Rt : time varying reproduction number.
Rt_CI95 : to estimate Rt on each day t, EpiInvert uses the past days (t'<=t) and the future days (t'>t) when available. Therefore, the EpiInvert estimate of Rt varies when more days are available. Rt_CI95 represents the radius of an empiric 95% confidence interval of the expected variation of Rt as a function of the number of days after t available (see the plot of Rt above).
seasonality : the 7-day quasi-periodic multiplicative correction factors (see equations (3)-(4)).
dates : the date associated with each incidence value.
festive : a Boolean vector to indicate the days considered as festive.
epsilon : the normalized error given by equation (8).
power_a : the power a in equation (8). Note that this value strongly depends on the size of the incidence curve used by the EpiInvert estimation. As we shall see later, this size is an EpiInvert parameter. The estimated value of a only has sense in the case of a large incidence sequence.
si_distr : numeric vector with the serial interval distribution used, it can be computed from the shifted parametric log-normal or it can be uploaded by the user
shift_si_distr : shift of the serial interval used.
EpiInvert execution for France using 365 days in the past. If you are not constrained by the computational cost of the algorithm, you can choose a large value of this parameter (for instance 9999), to ensure that EpiInvert will use the whole available sequence in the estimation.
res <- EpiInvert(incidence$FRA,"2022-05-05",festives$FRA,
select_params(list(max_time_interval = 365)))
Plot of the incidence between “2021-12-15” and “2022-01-15”. Observe that the festive days bias correction only modifies the original incidence in the festive days and the following 2 days.
EpiInvert_plot(res,"incid","2021-12-15","2022-01-15")

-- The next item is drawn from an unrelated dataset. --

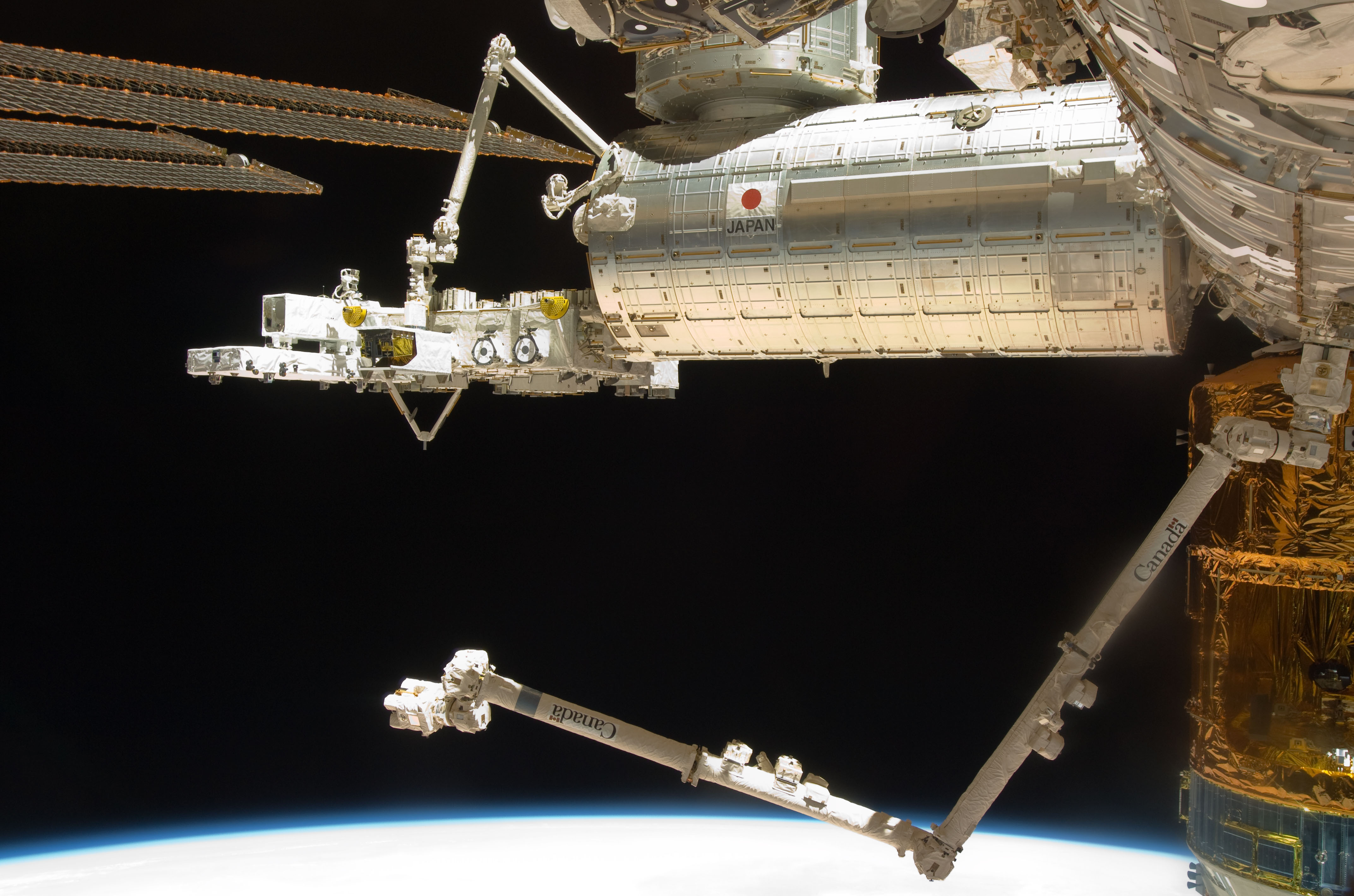2009-09-24 - Le Canadarm2, actionné par l’astronaute de l’Agence spatiale canadienne Robert Thirsk, est en position d’attente tandis que le bras robot japonais retire deux charges utiles de la palette exposée au vide spatial et les installe sur la plateforme extérieure du module Kibo. (Source : NASA.)

EpiInvert execution for UK using a non-parametric serial interval shifted -2 days
load data of a serial interval
data(si_distr_data)
head(si_distr_data)
#> [1] 3.285609e-06 3.401902e-04 3.904441e-03 1.543537e-02 3.466818e-02
#> [6] 5.608451e-02
res <- EpiInvert(incidence$UK,"2022-05-05",festives$UK,
select_params(list(si_distr = si_distr_data,
shift_si_distr=-2)))
Plot of the serial interval used (including the shift)
EpiInvert_plot(res,"SI")
EpiInvert execution for the USA changing the default values of the parametric serial interval (using a shifted log-normal)
res <- EpiInvert(incidence$USA,"2022-05-05",festives$USA,
select_params(list(mean_si = 11,sd_si=6,shift_si=-1)))
Plot of the reproduction number Rt including an empiric 95\% confidence interval of the variation of EpiInvert Rt estimation as a function of the number of future days available.
EpiInvert_plot(res,"R")
To load an updated version of the incidence file we use in these examples you can execute:
incidence <- read.csv(url("https://www.ctim.es/covid19/incidence.csv"))
tail(incidence)
#> date FRA DEU USA UK
#> 842 2022-05-12 36047 68999 112112 14800
#> 843 2022-05-13 32773 61859 81683 6587
#> 844 2022-05-14 30459 6151 16092 0
#> 845 2022-05-15 22844 2305 30890 0
#> 846 2022-05-16 5936 86252 145288 23820
#> 847 2022-05-17 43727 72051 112487 8596
you can introduce in the EpiInvert call the last date of the incidence using the dates included in the incidence file:
res <- EpiInvert(incidence$USA,incidence$date[length(incidence$date)],festives$USA)
EpiInvert_plot(res)
#> Warning: Removed 2 row(s) containing missing values (geom_path).